**EXERCISE REQUIREMENTS**. The lines to copy run from the one containing "Supports TF storage, up" through the last line of the listing; copy them exactly and nothing more.

.....

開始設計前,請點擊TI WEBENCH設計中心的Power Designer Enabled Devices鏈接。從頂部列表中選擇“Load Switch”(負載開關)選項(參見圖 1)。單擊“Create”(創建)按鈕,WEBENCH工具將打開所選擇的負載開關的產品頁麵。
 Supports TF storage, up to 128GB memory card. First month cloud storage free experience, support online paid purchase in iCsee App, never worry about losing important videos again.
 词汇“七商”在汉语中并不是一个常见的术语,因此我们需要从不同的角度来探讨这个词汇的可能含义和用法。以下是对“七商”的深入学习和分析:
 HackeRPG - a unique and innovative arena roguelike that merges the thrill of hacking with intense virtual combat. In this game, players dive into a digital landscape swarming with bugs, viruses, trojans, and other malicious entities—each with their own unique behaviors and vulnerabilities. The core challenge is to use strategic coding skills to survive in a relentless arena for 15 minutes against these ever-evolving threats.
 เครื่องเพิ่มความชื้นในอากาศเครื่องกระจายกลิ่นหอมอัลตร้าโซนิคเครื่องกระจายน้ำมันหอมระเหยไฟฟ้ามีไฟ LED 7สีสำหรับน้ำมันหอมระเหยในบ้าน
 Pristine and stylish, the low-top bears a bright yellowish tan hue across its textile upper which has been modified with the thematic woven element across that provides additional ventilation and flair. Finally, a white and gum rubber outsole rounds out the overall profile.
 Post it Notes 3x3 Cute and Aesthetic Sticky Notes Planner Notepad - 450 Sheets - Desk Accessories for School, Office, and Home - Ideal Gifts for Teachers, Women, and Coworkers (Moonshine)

.....

**OUTPUT FOR THIS EXERCISE**.
 Supports TF storage, up to 128GB memory card. First month cloud storage free experience, support online paid purchase in iCsee App, never worry about losing important videos again.
 词汇“七商”在汉语中并不是一个常见的术语,因此我们需要从不同的角度来探讨这个词汇的可能含义和用法。以下是对“七商”的深入学习和分析:
 HackeRPG - a unique and innovative arena roguelike that merges the thrill of hacking with intense virtual combat. In this game, players dive into a digital landscape swarming with bugs, viruses, trojans, and other malicious entities—each with their own unique behaviors and vulnerabilities. The core challenge is to use strategic coding skills to survive in a relentless arena for 15 minutes against these ever-evolving threats.
 เครื่องเพิ่มความชื้นในอากาศเครื่องกระจายกลิ่นหอมอัลตร้าโซนิคเครื่องกระจายน้ำมันหอมระเหยไฟฟ้ามีไฟ LED 7สีสำหรับน้ำมันหอมระเหยในบ้าน
 Pristine and stylish, the low-top bears a bright yellowish tan hue across its textile upper which has been modified with the thematic woven element across that provides additional ventilation and flair. Finally, a white and gum rubber outsole rounds out the overall profile.
 Post it Notes 3x3 Cute and Aesthetic Sticky Notes Planner Notepad - 450 Sheets - Desk Accessories for School, Office, and Home - Ideal Gifts for Teachers, Women, and Coworkers (Moonshine)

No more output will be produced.